The current high interest rates charged by lenders creates special problems, especially for creditors. Construction industry creditors experience late payments in greater proportion now than in the recent past-their debtors are cash poor.

The impact of delayed payments is aggravated by the fact that those same creditors must pay huge interest rates for their needed funds while waiting for payments of their receivables.

Frequently, creditors do not have arrangements with their debtors to receive interest on unpaid debts at rates comparable to those which they must pay.

Unless otherwise provided by contract or special statute, the rate Of interest to which a creditor is entitled is generally fixed by state law The statutory interest rates are usually less than prevailing market interest rates although some state legislatures are now tying legal interest rates to fluctuating percentages.

Low “legal” interest rates frequently prompt debtors to delay making payments because they would otherwise be unable to borrow at the lower rates. They accordingly “borrow” from their creditors by not paying.

The astute businessman must therefore protect himself against the cost of-money crunch. One way would be to contractually provide for interest at a rate greater than the legal rate.

Contracts, signed purchase orders and/or credit applications should be written to provide for interest at a reasonable rate. Customers are not likely to balk at the higher rate at the time they contract. If they do, simply ask: “Don’t you expect to pay on time?”

If a higher interest rate is not fixed in advance, the creditor should consider contacting his debtor and agreeing only to payment delay on condition that the debtor agree, in writing, to pay interest at an agreed higher percentage.

The practice of printing a note on billings that unpaid bills will draw interest at some high rate of interest may not be legally enforceable, absent a specific agreement to that effect or acquiescence by the debtor.

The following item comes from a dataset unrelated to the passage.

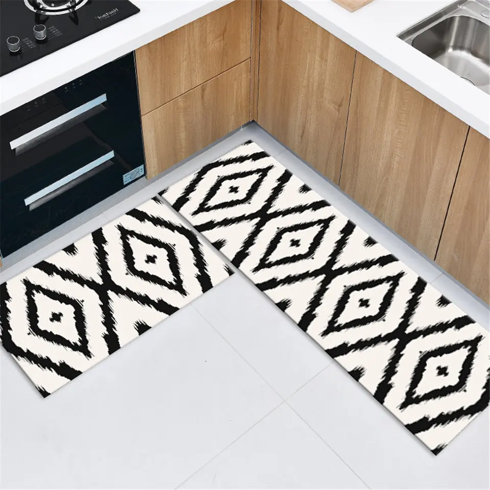 Черный, белый цвет коврик с геометрическим орнаментом входной коврик дом Nordic украшения Марокко в этническом стиле Стиль коврик Кухня бегун коврик анти-скольжение
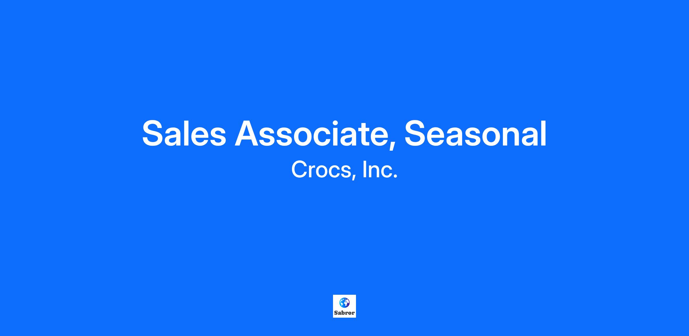 At Crocs, Inc., every career offers a chance to make a real impact. No two journeys look the same. And that's exactly how we like it. Whether you’re welcoming customers into our stores, collaborating with global teams at our headquarters, or keeping operations moving at our distribution centers, your impact is real and valued. At Crocs, Inc. you’re not expected to fit a mold. You’re encouraged to break it and create something better. Overview As a Sales Associate, you will have the opportunity to deliver exceptional experiences and provide world-class service to our valued consumers every day. From educating consumers about our products, in-store promotions, and events to supporting the store team in achieving company goals and initiatives, this role offers growth potential alongside the industry’s finest teammates and partners.What You'll Do Deliver outstanding service to our consumers using our C.H.A.R.M service model Proactively contribute to creating an enjoyable team environment that fosters the sharing of suggestions, ideas, and concerns Learn & assist in various departments within the store including consumer service, product knowledge and placement, visual presentation, and stock room management. Support team members in the daily execution of retail operations such as POS system management, stock replenishment, pricing and markdown processes, promotion of loyalty programs, and maintaining cleanliness and recovery standards. Leads by example and collaborate with Store Management to improve personal key performance indicators through sales-driven techniques Adhere to Crocs Asset Protection policies and procedures, including shortage prevention, inventory control, and compliance proceduresWhat You'll Bring to the Table Must be 16 years or older Flexibility in work schedule, including availability for nights, weekends, holidays, and extended hours, with regular attendance being essential Desire to succeed in a high-growth, fast-paced retail environment The work environment and physical demands described here are representative of those that an employee will encounter while performing the essential functions of this job. Reasonable accommodations may be made to enable individuals with disabilities to perform essential functions. Ability to move merchandise with appropriate equipment to and from the backroom and sales floor daily Ability to place and arrange items on all shelves and racks daily Ability to climb and descend ladders carrying merchandise daily Ability to lift 30 pounds or more with assistance daily Ability to be on your feet for at least 8 hours per shift and to continuously move around all areas of the store daily Ability to also be required to stand, walk, kneel, or balance for a duration of time daily Ability to read instructions, reports, and information on computer/register screens and to key information into the computer daily The Company is an Equal Opportunity Employer committed to a diverse and inclusive work environment. All qualified applicants will receive consideration for employment without regard to race, color, religion, sex, sexual orientation, gender identity, national origin, or disability, or any other classification protected by law. Title: Sales Associate, Seasonal Salary or Pay Range: $15.00 - $17.50 Pay is dependent on experience and geographic area. Job Category: Retail

If a construction-related creditor pursues his mechanic’s lien remedies, the applicable Colorado statute provides for interest at a rate of twelve percent per annum. Colorado court decisions appear to indicate that this rate of interest applies from the date the mechanic’s lien statement is filed and until payment is made. Groussman Investment Co. v. York Plumbing and Heating, 166 Colo. 382, 443 P.2d (1968~. This provision is somewhat better, but twelve percent may still be less than what the creditor might have to pay for his borrowings.

It is essential that creditors pay careful attention to assure themselves that their receivables do not cause severe cash flow consequences because of high interest rates. Credit management can alleviate some of these problems if carefully studied and timely action is taken to protect against the impact of high interest rates.